→ PROBLEM
Your answer should hold exactly the lines beginning with the one that contains "6月23日、安達太良の上に雲" and ending with the last line of the material, both included. Leave every picture out.

→ DATASET SECTION
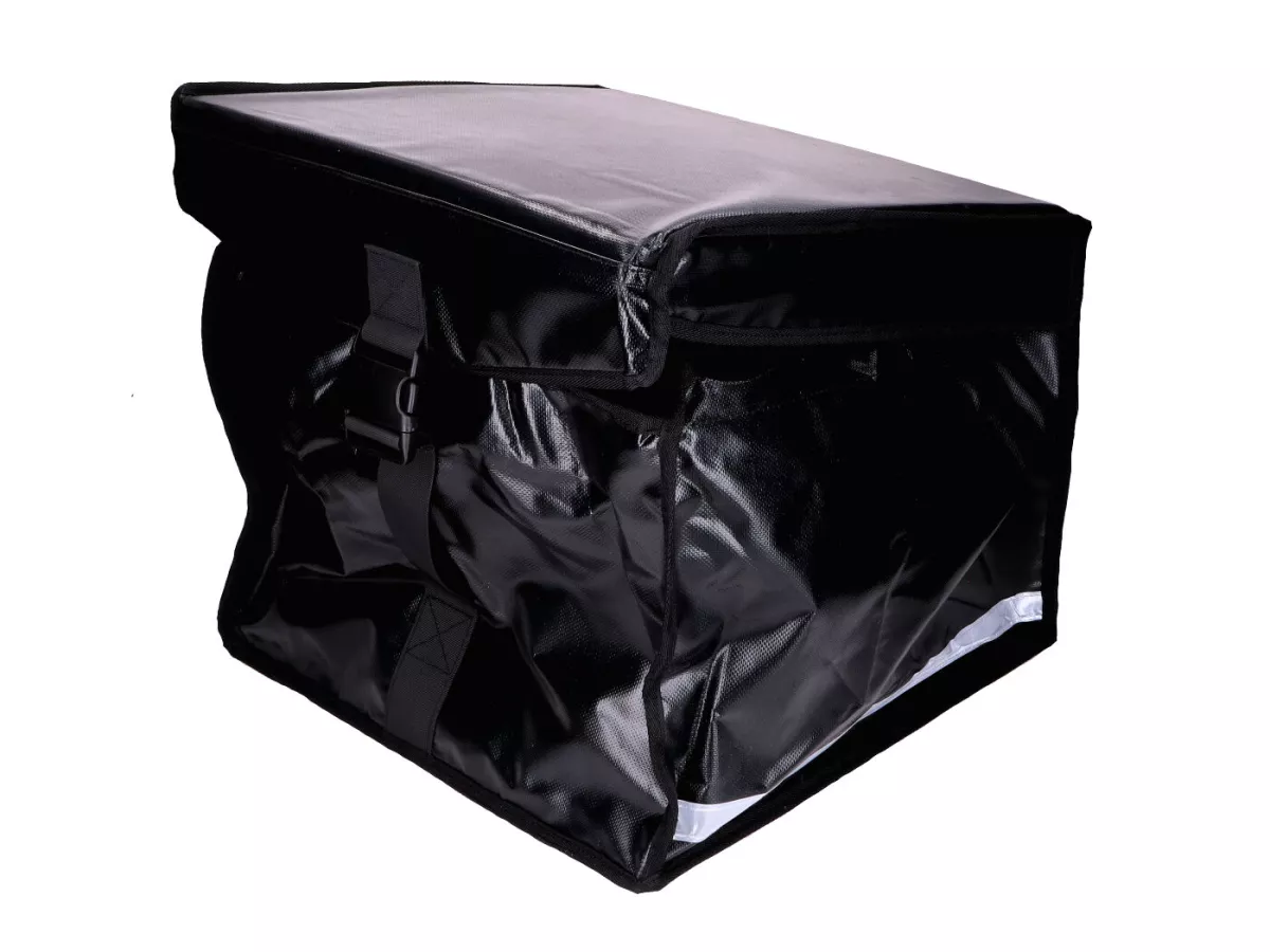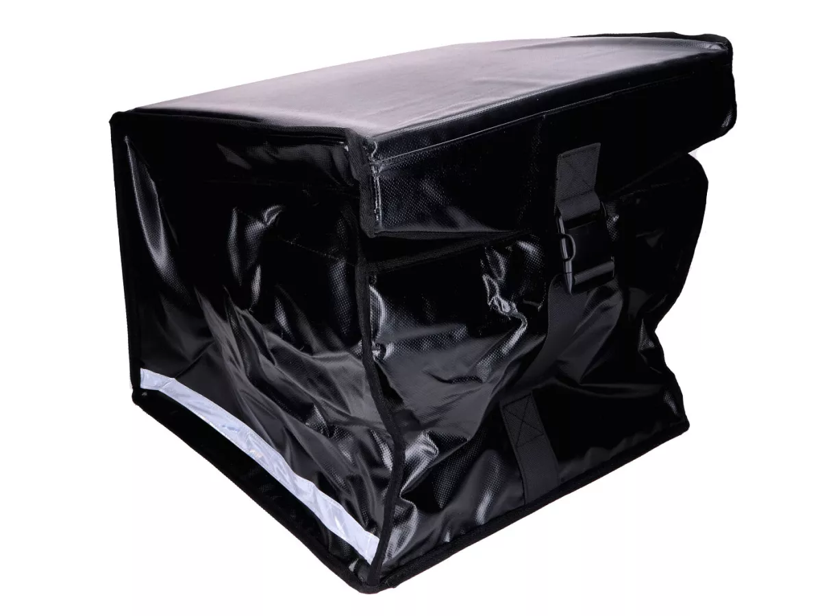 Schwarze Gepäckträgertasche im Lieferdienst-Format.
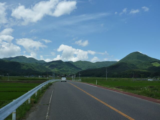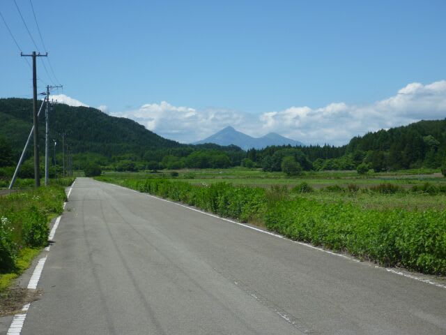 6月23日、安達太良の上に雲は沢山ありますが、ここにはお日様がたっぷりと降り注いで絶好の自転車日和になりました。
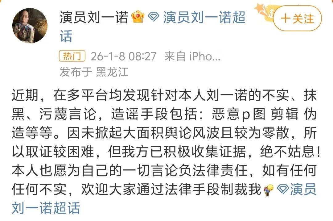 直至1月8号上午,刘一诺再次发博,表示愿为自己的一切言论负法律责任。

→ ANSWER TO THIS TASK
 6月23日、安達太良の上に雲は沢山ありますが、ここにはお日様がたっぷりと降り注いで絶好の自転車日和になりました。
 直至1月8号上午,刘一诺再次发博,表示愿为自己的一切言论负法律责任。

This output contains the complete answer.